■ **WHAT IS REQUIRED**
Verbatim copy, images omitted: return the full listing.

■ **PROVIDED DATA**
[Start of section]
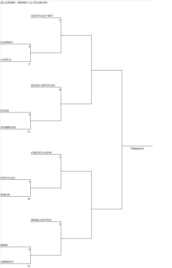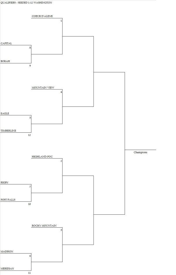 In this bracket, Timberline and Meridian are replaced with Hillcrest and Lewiston. Madison and Capital play once again as does Post Falls and Borah. Eagle would face Lewiston with Rigby taking on Hillcrest. You would get two Treasure Valley teams with byes to the quarterfinal round on the top of the bracket (Mountain View and Rocky Mountain) while two longtime rivals would also reach the quarterfinals via the bye (Highland and Coeur d'Alene).
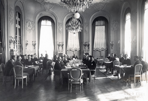 Meeting of central bank Governors and experts at the Hôtel Stéphanie in Baden-Baden, Germany, to draft the statutes and charter of the Bank for International Settlements, October-November 1929.
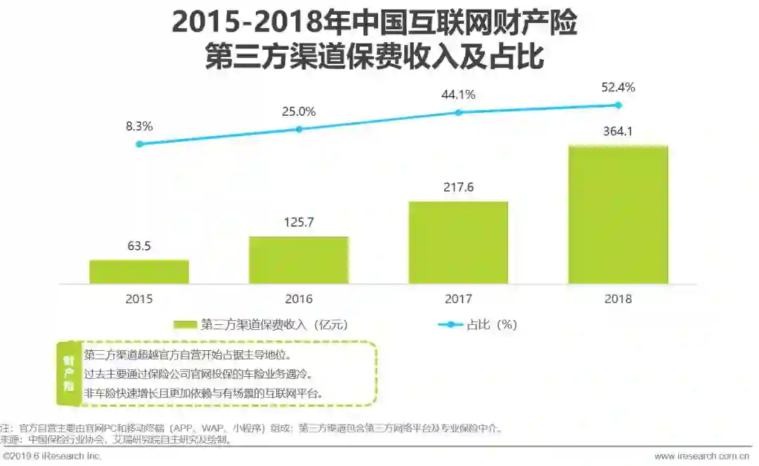 互联网保险销售渠道主要分为官方自营渠道和第三方渠道。从渠道侧市场份额来看,第三方渠道占据互联网保险的主要保费收入来源。得益于互联网保险产品结构的不断优化,在互联网保险整体保费增长疲软的背景下,通过第三方渠道的产生的保费在互联网财产险领域依然保持快速增长。而互联网人身险领域中第三方渠道占比虽然有所下降,但依然占绝对主导地位。相比于官方自营渠道,第三方网络平台拥有更多的用户场景,而专业保险中介能够为用户提供高质量的服务,两者都不仅仅是销售方式的转变,而是赋予了更多互联网保险的核心意义。
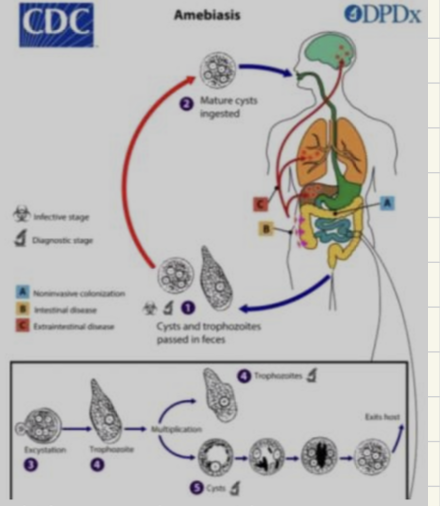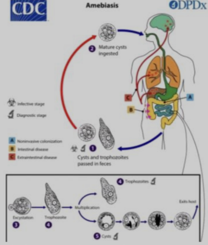 Cuál es el medio de trasmición inicial de las AMEBIASIS?
[End of section]
■ **TASK OUTPUT**
 In this bracket, Timberline and Meridian are replaced with Hillcrest and Lewiston. Madison and Capital play once again as does Post Falls and Borah. Eagle would face Lewiston with Rigby taking on Hillcrest. You would get two Treasure Valley teams with byes to the quarterfinal round on the top of the bracket (Mountain View and Rocky Mountain) while two longtime rivals would also reach the quarterfinals via the bye (Highland and Coeur d'Alene).
 Meeting of central bank Governors and experts at the Hôtel Stéphanie in Baden-Baden, Germany, to draft the statutes and charter of the Bank for International Settlements, October-November 1929.
 互联网保险销售渠道主要分为官方自营渠道和第三方渠道。从渠道侧市场份额来看,第三方渠道占据互联网保险的主要保费收入来源。得益于互联网保险产品结构的不断优化,在互联网保险整体保费增长疲软的背景下,通过第三方渠道的产生的保费在互联网财产险领域依然保持快速增长。而互联网人身险领域中第三方渠道占比虽然有所下降,但依然占绝对主导地位。相比于官方自营渠道,第三方网络平台拥有更多的用户场景,而专业保险中介能够为用户提供高质量的服务,两者都不仅仅是销售方式的转变,而是赋予了更多互联网保险的核心意义。
 Cuál es el medio de trasmición inicial de las AMEBIASIS?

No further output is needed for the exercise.